Under this line is some data; print exactly the lines from the one containing "After you have" through its last line, without pictures.

### Source material
☆ ☆ ☆ ☆ ☆

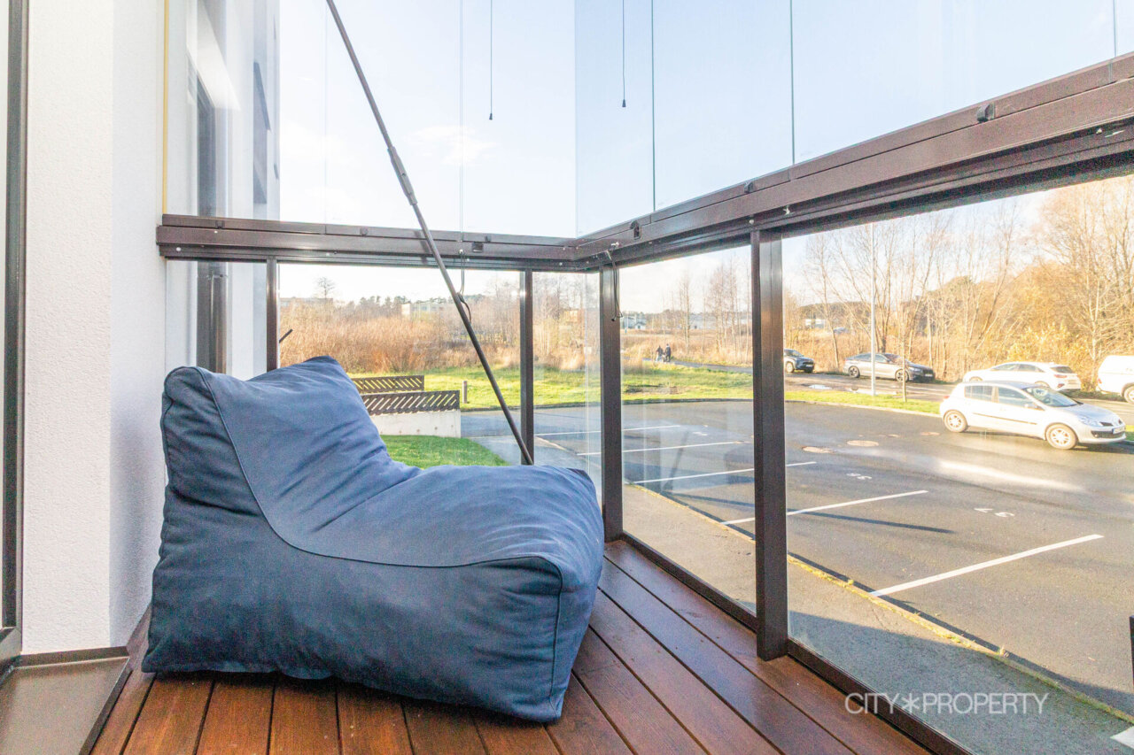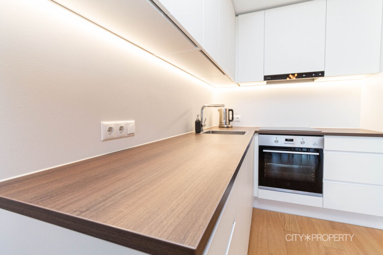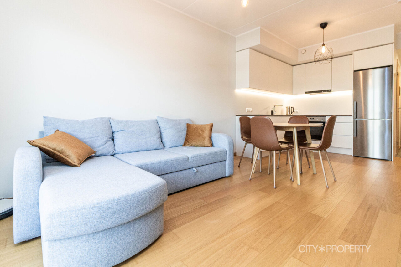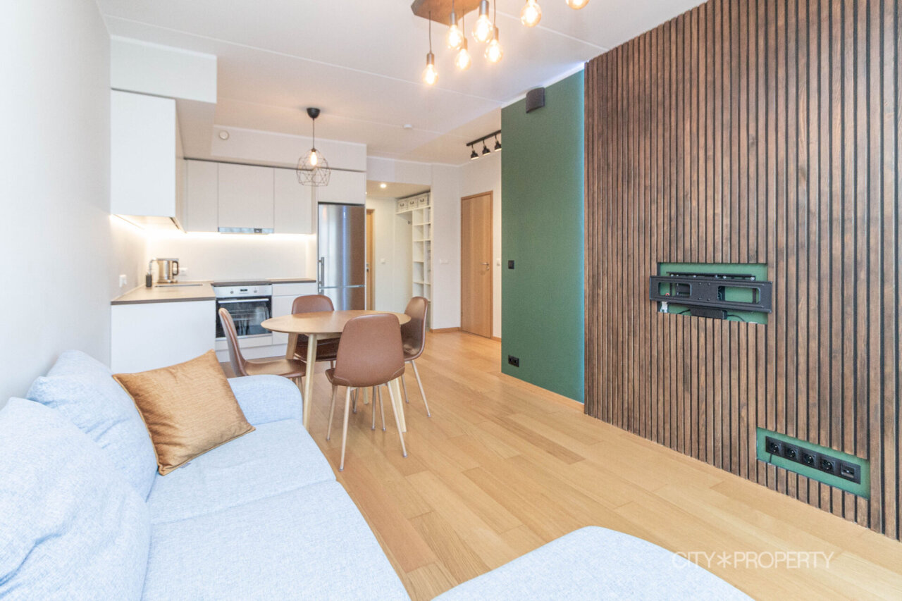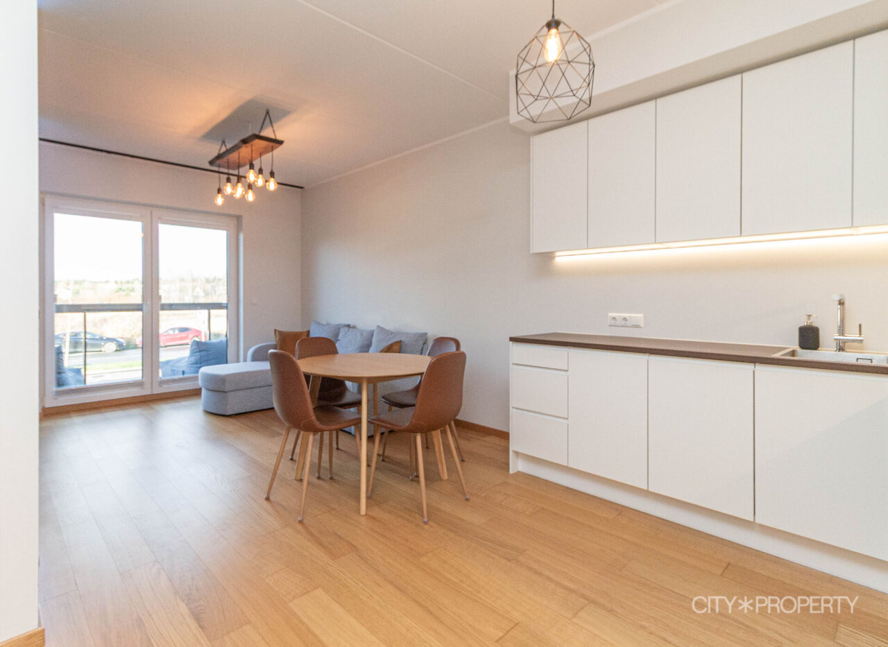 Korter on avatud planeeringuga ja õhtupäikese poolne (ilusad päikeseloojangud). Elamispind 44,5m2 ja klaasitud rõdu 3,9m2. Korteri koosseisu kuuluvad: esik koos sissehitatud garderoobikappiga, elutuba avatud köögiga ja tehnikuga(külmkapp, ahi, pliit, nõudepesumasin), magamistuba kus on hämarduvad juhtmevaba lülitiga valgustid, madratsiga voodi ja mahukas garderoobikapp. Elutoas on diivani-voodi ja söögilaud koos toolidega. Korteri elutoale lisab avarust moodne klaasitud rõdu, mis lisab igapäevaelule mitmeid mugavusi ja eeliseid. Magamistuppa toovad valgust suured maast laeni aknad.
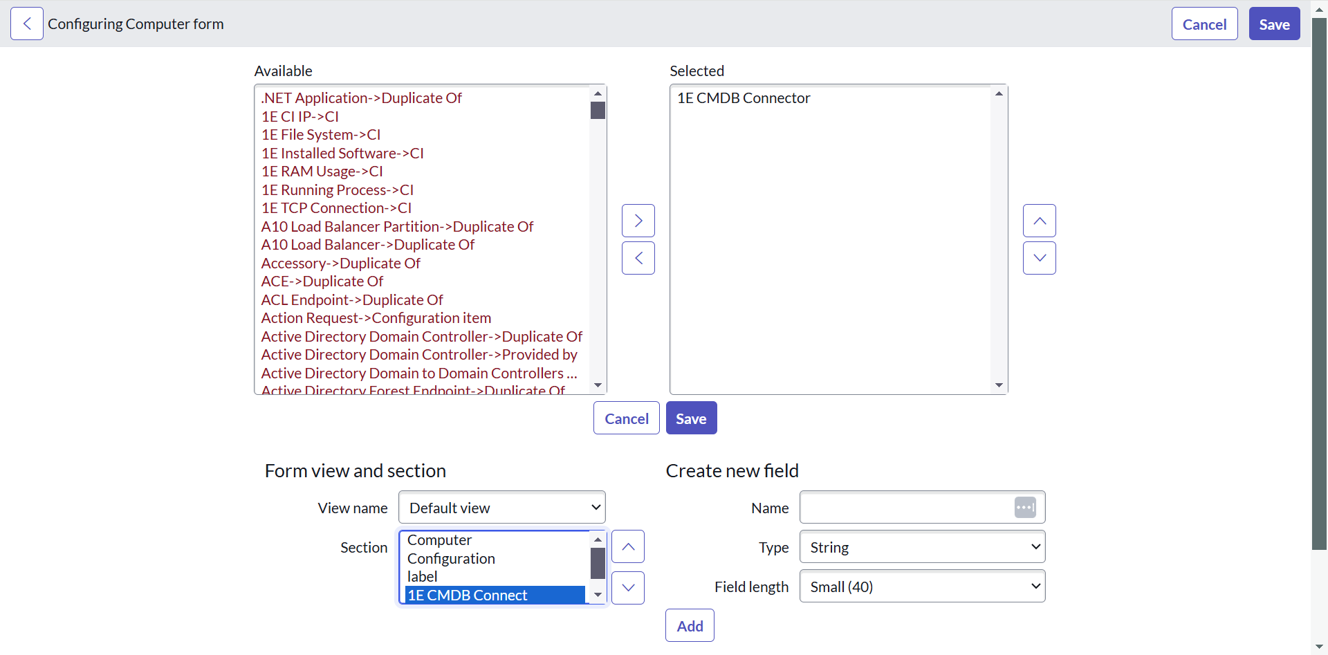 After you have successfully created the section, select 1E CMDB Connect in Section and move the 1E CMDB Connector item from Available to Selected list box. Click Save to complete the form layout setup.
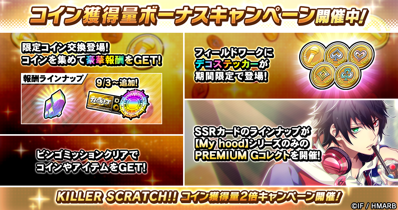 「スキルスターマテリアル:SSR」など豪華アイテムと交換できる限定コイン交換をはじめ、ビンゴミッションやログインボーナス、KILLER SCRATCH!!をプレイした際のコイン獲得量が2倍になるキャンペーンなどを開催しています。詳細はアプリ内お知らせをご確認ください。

☆ ☆ ☆ ☆ ☆

### Written response
 After you have successfully created the section, select 1E CMDB Connect in Section and move the 1E CMDB Connector item from Available to Selected list box. Click Save to complete the form layout setup.
 「スキルスターマテリアル:SSR」など豪華アイテムと交換できる限定コイン交換をはじめ、ビンゴミッションやログインボーナス、KILLER SCRATCH!!をプレイした際のコイン獲得量が2倍になるキャンペーンなどを開催しています。詳細はアプリ内お知らせをご確認ください。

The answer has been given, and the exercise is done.